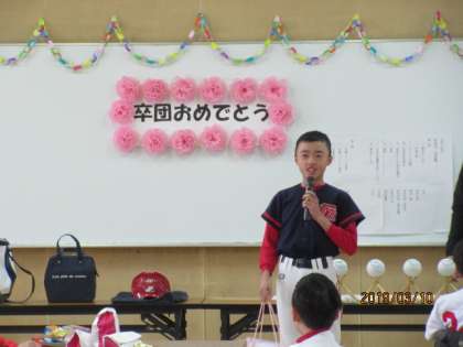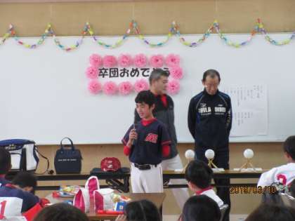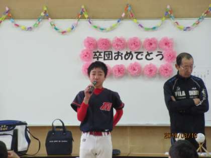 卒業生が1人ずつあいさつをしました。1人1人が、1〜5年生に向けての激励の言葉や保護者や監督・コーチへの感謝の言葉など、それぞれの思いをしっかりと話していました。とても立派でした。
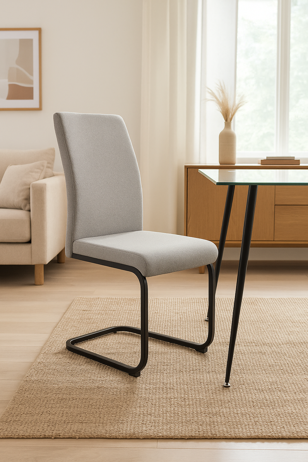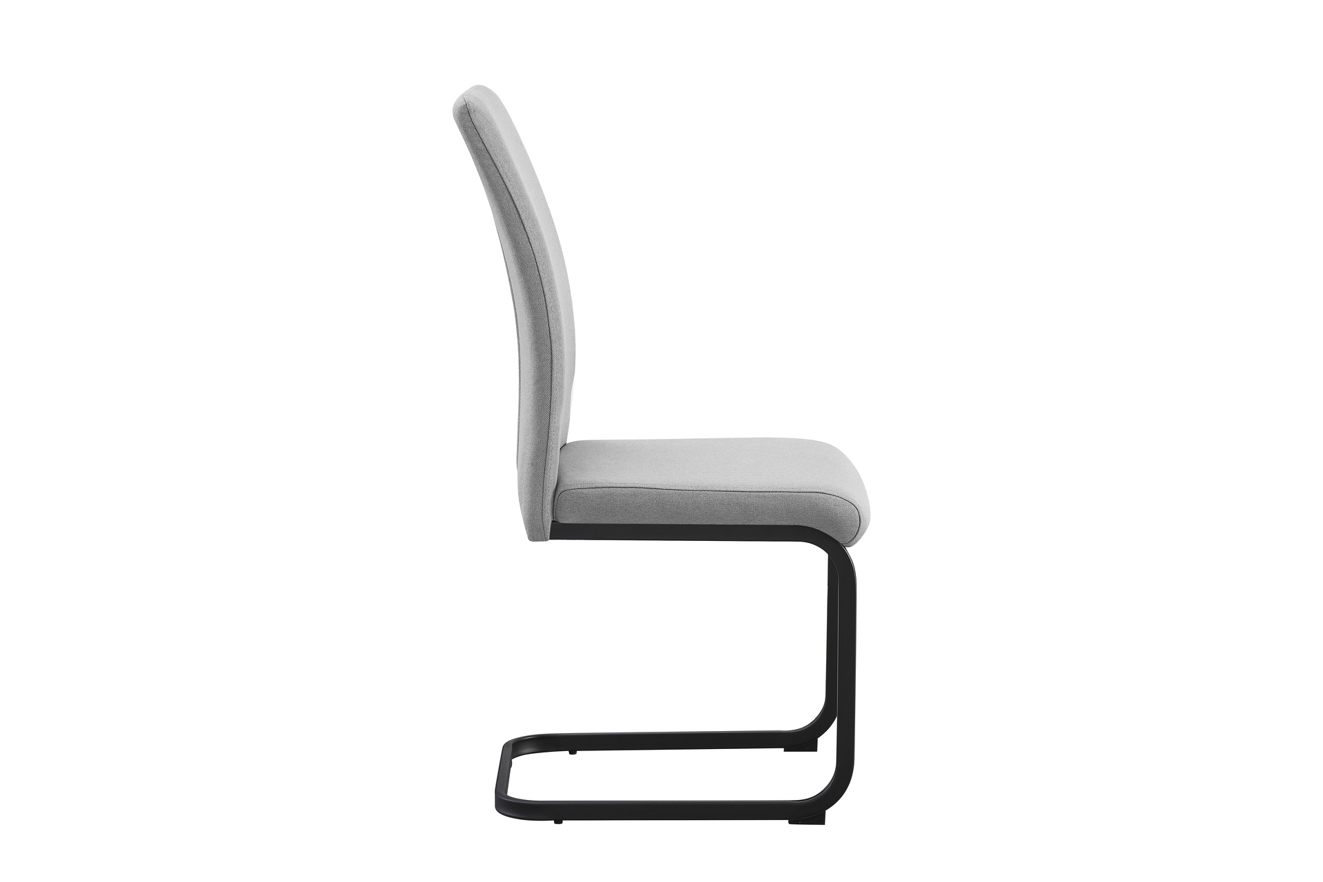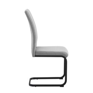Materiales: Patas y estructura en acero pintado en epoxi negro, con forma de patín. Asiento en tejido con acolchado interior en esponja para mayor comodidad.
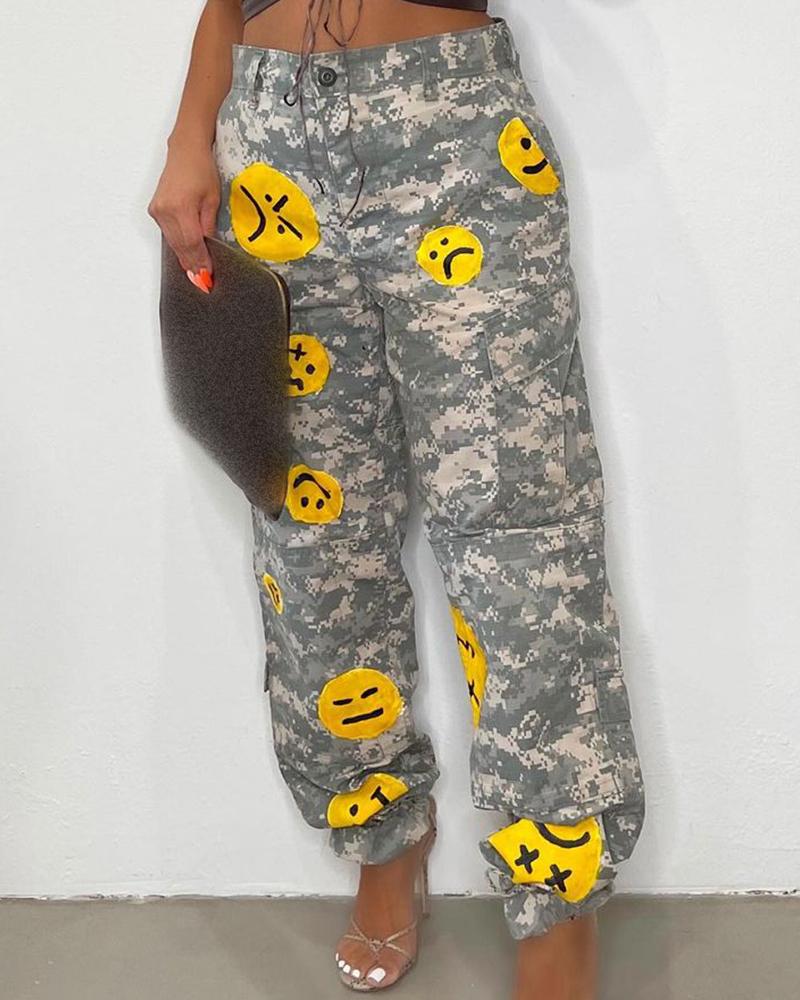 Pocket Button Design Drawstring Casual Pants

...

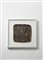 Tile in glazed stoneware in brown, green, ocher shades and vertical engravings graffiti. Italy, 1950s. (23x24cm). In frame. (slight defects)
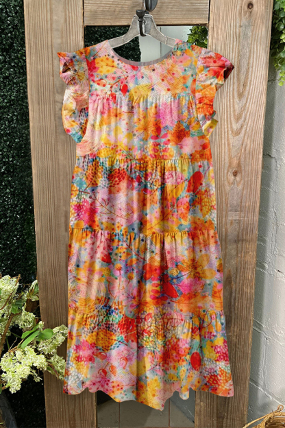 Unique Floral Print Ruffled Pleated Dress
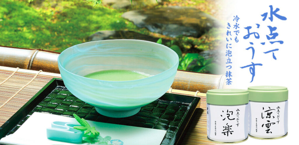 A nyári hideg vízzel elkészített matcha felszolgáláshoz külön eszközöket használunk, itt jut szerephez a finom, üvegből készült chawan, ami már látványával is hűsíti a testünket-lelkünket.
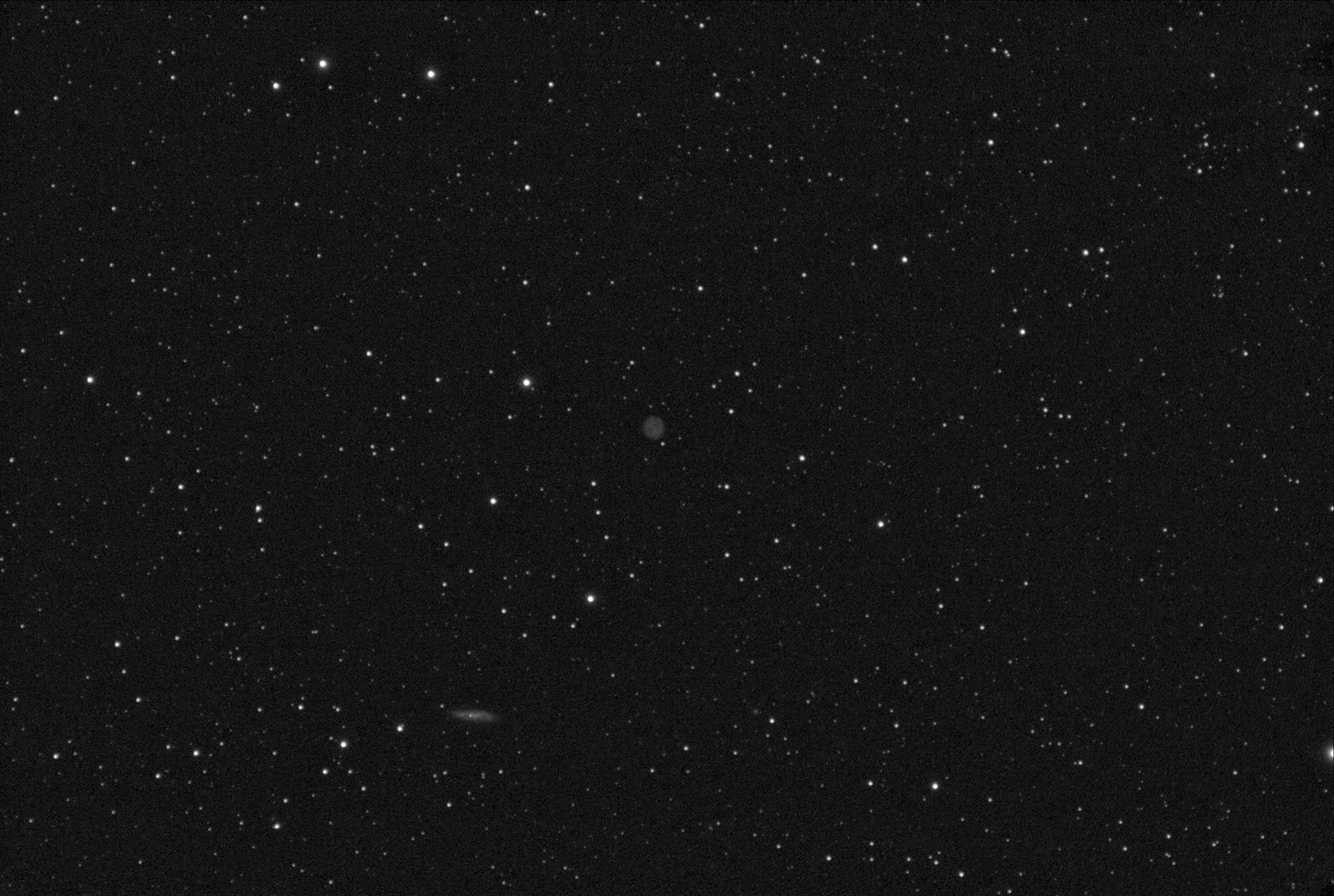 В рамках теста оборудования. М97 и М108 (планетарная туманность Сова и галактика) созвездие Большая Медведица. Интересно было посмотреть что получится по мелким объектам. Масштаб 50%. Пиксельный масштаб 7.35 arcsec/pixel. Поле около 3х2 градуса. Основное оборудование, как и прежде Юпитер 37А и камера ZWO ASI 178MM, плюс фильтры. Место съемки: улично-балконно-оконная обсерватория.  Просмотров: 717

## REQUIRED ACTION
When you reach the line that has "卒業生が1人ずつあいさつをし" in the data above, start repeating lines exactly, and stop after the line that has "Pocket Button Design Drawstring Casual Pants"; pictures stay out.

## SOLUTION TO THE PROBLEM
 卒業生が1人ずつあいさつをしました。1人1人が、1〜5年生に向けての激励の言葉や保護者や監督・コーチへの感謝の言葉など、それぞれの思いをしっかりと話していました。とても立派でした。
Materiales: Patas y estructura en acero pintado en epoxi negro, con forma de patín. Asiento en tejido con acolchado interior en esponja para mayor comodidad.
 Pocket Button Design Drawstring Casual Pants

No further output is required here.